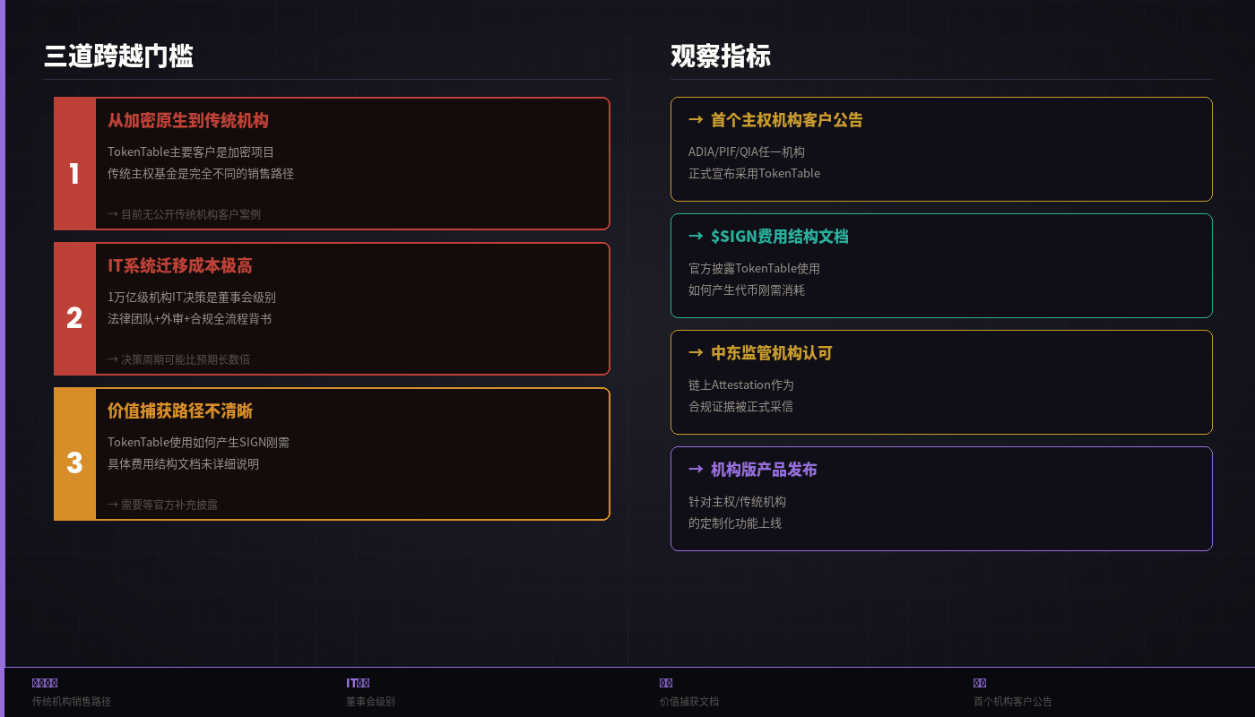 TokenTable目前的主要客户是加密原生项目——Kaito、DOGS、ZetaChain这类。这些项目用SIGN代币管理类股权分配。从加密原生项目跨越到传统主权财富基金,需要在法律框架、监管对接、用户习惯上做大量的适配工作。这个跨越有多难,TokenTable目前没有公开的传统机构客户案例。
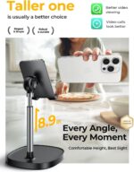 Ergonomic & Adjustable Design: Fight “text neck” and improve your posture with LISEN’s taller, photogenic phone stand. Designed for comfort, it offers an adjustable height (7.1in-8.5in) (1.4in adjustable range) and angle (5°-85°) best phone holder for video recording
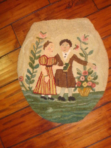 Title (ebay affiliate link): VINTAGE HAND HOOKED FOLK ART RUG TOILET COVER
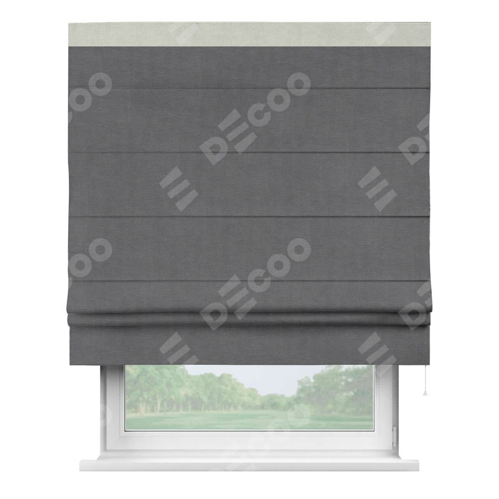 Римская штора производителя «Cortin», используется для проёма, пошита из ткани канвас мокрый асфальт, артикул ткани v-1083. Отделка шторы кантом «Кинг» (светло-серый v-371), ткань для канта используется из канваса разной расцветки на выбор. Имеет универсальный механизм и подходит для монтажа: на потолок, на стену и в нишу.
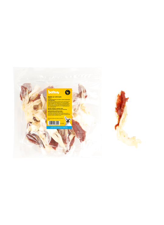 Konijnenoren met eend zijn een smakelijke en natuurlijkekauwsnack voor honden. Ze combineren de knapperige textuur van konijnenoor meteen heerlijke laag eend, wat zorgt voor extra smaak en plezier. Deze traktatieondersteunt het kauwinstinct en draagt bij aan een gezond gebit. Ideaal alsbeloning of tussendoortje voor honden van alle rassen.
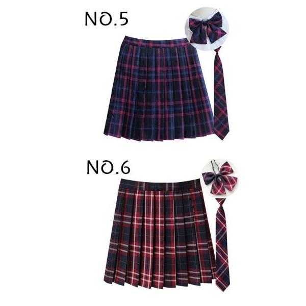 制服 高校生 学生制服スカート 3点セット 蝶結び+ネクタイ+スカート35タイプ チェック柄プリーツスカート(スクール・制服) 女子高生スカート レディース
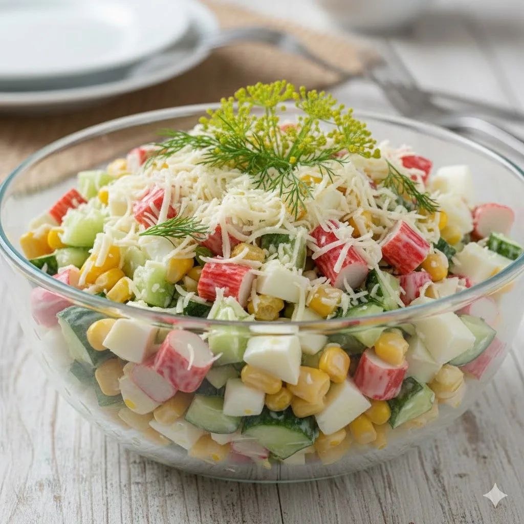 ❄️ ⏱10 минут | 130 ккал(100 г) 🛒Что нужно: 🦀Крабовые палочки — 200 г 🥒Огурец свежий — 2 шт. 🥚Яйца вареные — 3 шт. 🌽Кукуруза консервированная — 150 г 🧀Сыр твердый — 80 г 🥣Майонез или сметана — 2 ст.л. 🌿Укроп свежий — пару веточек 👩🍳Как готовить: Нарежьте крабовые палочки, огурцы и очищенные яйца мелкими кубиками. Сыр натрите на мелкой терке, чтобы салат стал воздушным. Смешайте все нарезанные ингредиенты в миске, добавьте сладкую кукурузу без жидкости. Заправьте соусом, добавьте мелко порубленный укроп и перемешайте до однородности.

-------------------------

EXERCISE DIRECTIONS. Your answer must be an exact repeat of the records above, with the pictures left out.

WRITTEN RESPONSE.
 TokenTable目前的主要客户是加密原生项目——Kaito、DOGS、ZetaChain这类。这些项目用SIGN代币管理类股权分配。从加密原生项目跨越到传统主权财富基金,需要在法律框架、监管对接、用户习惯上做大量的适配工作。这个跨越有多难,TokenTable目前没有公开的传统机构客户案例。
 Ergonomic & Adjustable Design: Fight “text neck” and improve your posture with LISEN’s taller, photogenic phone stand. Designed for comfort, it offers an adjustable height (7.1in-8.5in) (1.4in adjustable range) and angle (5°-85°) best phone holder for video recording
 Title (ebay affiliate link): VINTAGE HAND HOOKED FOLK ART RUG TOILET COVER
 Римская штора производителя «Cortin», используется для проёма, пошита из ткани канвас мокрый асфальт, артикул ткани v-1083. Отделка шторы кантом «Кинг» (светло-серый v-371), ткань для канта используется из канваса разной расцветки на выбор. Имеет универсальный механизм и подходит для монтажа: на потолок, на стену и в нишу.
 Konijnenoren met eend zijn een smakelijke en natuurlijkekauwsnack voor honden. Ze combineren de knapperige textuur van konijnenoor meteen heerlijke laag eend, wat zorgt voor extra smaak en plezier. Deze traktatieondersteunt het kauwinstinct en draagt bij aan een gezond gebit. Ideaal alsbeloning of tussendoortje voor honden van alle rassen.
 制服 高校生 学生制服スカート 3点セット 蝶結び+ネクタイ+スカート35タイプ チェック柄プリーツスカート(スクール・制服) 女子高生スカート レディース
 ❄️ ⏱10 минут | 130 ккал(100 г) 🛒Что нужно: 🦀Крабовые палочки — 200 г 🥒Огурец свежий — 2 шт. 🥚Яйца вареные — 3 шт. 🌽Кукуруза консервированная — 150 г 🧀Сыр твердый — 80 г 🥣Майонез или сметана — 2 ст.л. 🌿Укроп свежий — пару веточек 👩🍳Как готовить: Нарежьте крабовые палочки, огурцы и очищенные яйца мелкими кубиками. Сыр натрите на мелкой терке, чтобы салат стал воздушным. Смешайте все нарезанные ингредиенты в миске, добавьте сладкую кукурузу без жидкости. Заправьте соусом, добавьте мелко порубленный укроп и перемешайте до однородности.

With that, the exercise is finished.